Le tout maintenant est de savoir si ce renoncement est permanent ou s’il se veut simplement tactique. Le président ukrainien Viktor Ianoukovitch, vient de faire savoir qu’il entendait malgré tout, signer l’accord d’association que l’Union européenne lui propose, dans un avenir proche, selon sa propre expression.
→ A (RE)LIRE : Partenariat oriental à Vilnius: l'aimant russe trop puissant pour l'UE?
L’UE laisse la porte ouverte
Ce sommet, qui se voulait historique, se réduit donc à une poignée d’accords techniques à parapher avec la Géorgie et avec la Moldavie, ainsi qu’à la signature d’une facilitation de l’octroi de visas aux ressortissants de l’Azerbaïdjan. On est donc loin du grand dessein d’une Europe démocratiquement reconstituée, et le poids diplomatique de l’UE vient de subir un nouveau revers.
Mais les dirigeants européens ne comptent pas pour autant laisser l’Ukraine retourner dans le giron de la Russie. Dès hier soir, Angela Merkel en tête, ils se sont employés à souligner que l’offre faite à l’Ukraine reste valable et que Kiev peut à tout moment reprendre la discussion.

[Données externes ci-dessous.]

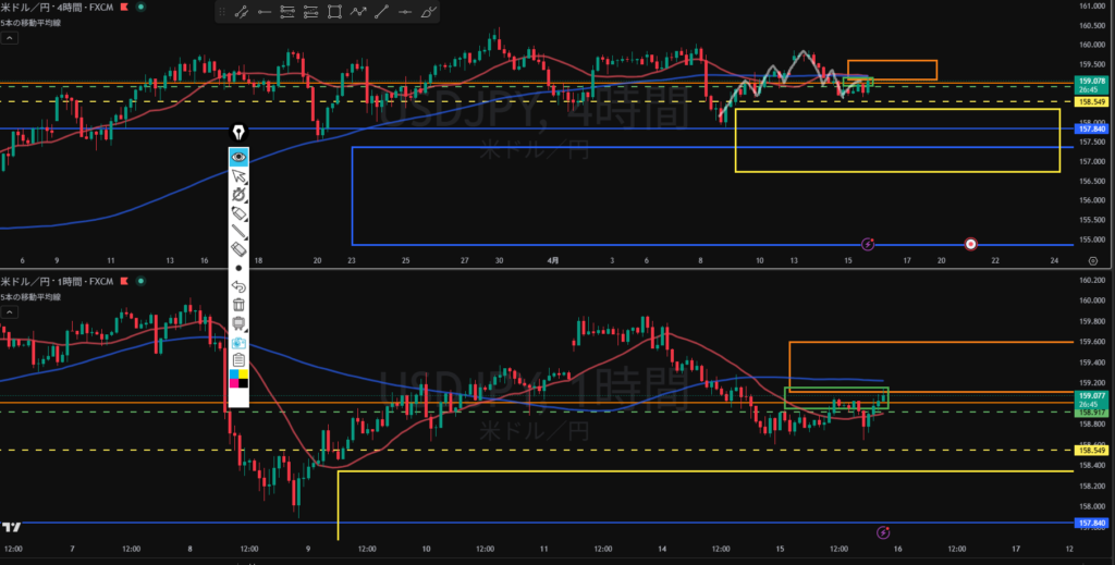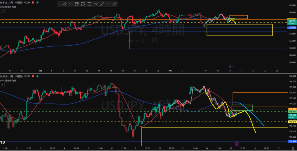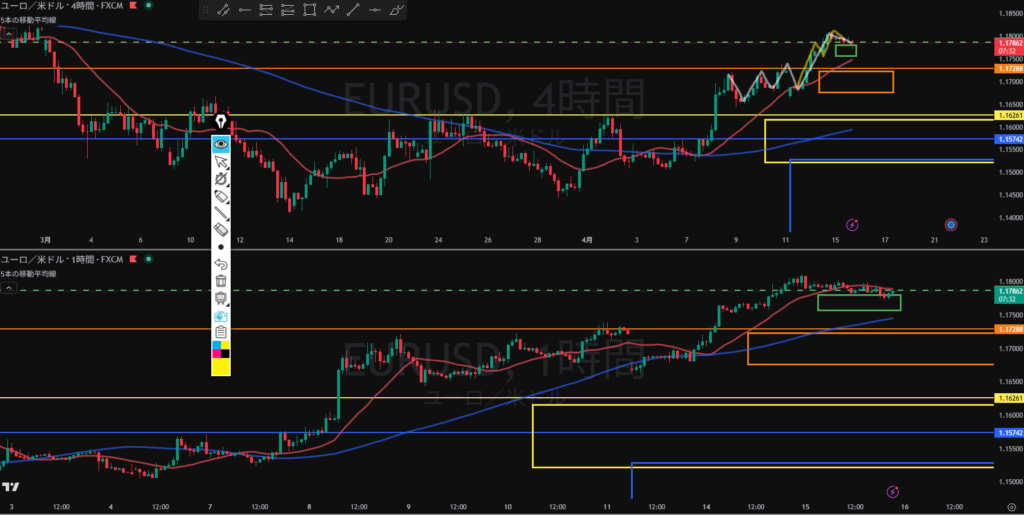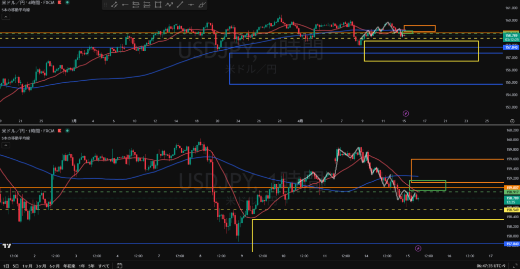 4H戻り売りで見たい 直下に日足か買い支えあるがエリアで考えればもう少し下か?

De son côté, Viktor Ianoukovitch s’est bien gardé de donner l’impression de vouloir rebasculer dans le camp russe en adhérant à l’Union douanière promue par le Kremlin.
Dans ce genre de relation de bloc à bloc, en effet, rien n’est jamais définitif. Et dans la durée, loin de toute idéologie politique ou de souci d’image, seuls prévaudront les intérêts économiques de chacun.
→ A (RE)LIRE : Sommet de Vilnius: que restera-t-il du partenariat oriental de l’UE après la volte-face de l’Ukraine?
■ ANALYSE : « On oblige l'Ukraine à faire un choix qui est impossible »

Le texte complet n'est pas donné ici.